Is Your Chart a Detective Story? Or a Police Report?

Every data visualization is a story, a plot to be unraveled—but some are more approachable than others.
Collage of images a microscope magnifying glass and various infographics
Photo-Illustration: Sam Whitney; Getty Images

Modern statistical displays of data—grids of scatterplots for inspecting correlations, for example—succeed by being transparent and allowing trends in the data to stand out. In contrast, classic data visualizations often succeed, paradoxically, by being a bit opaque: a puzzle that a reader figures out.

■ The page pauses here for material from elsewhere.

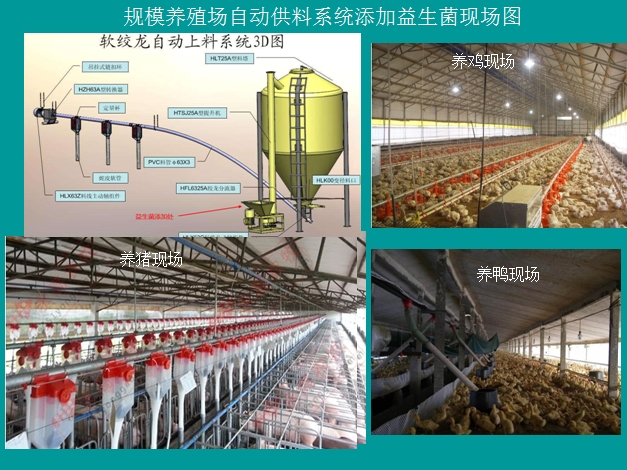 規(guī)模養(yǎng)殖場(chǎng)每天投喂量很大,現(xiàn)在大部分都采用自動(dòng)供料系統(tǒng),工人如果每天將益生菌與數(shù)噸飼料全部混合后投喂,這個(gè)工作量太大,就會(huì)影響積極性等。

Consider the visualization created by information designer Will Burtin in 1951 to summarize the effectiveness of three antibiotics—penicillin, neomycin, and streptomycin—in treating 13 bacteria. Bacterial species are arrayed in a circular layout, with three bars for each bacterial infection representing the amount of each antibiotic needed to treat it. An inversion of the scale means that longer bars represent more effective antibiotics, aligning with a spontaneous interpretation of bigger is better, while shading behind the bars neatly organizes the bacteria into two groups according to whether they result in a positive or negative gram stain test.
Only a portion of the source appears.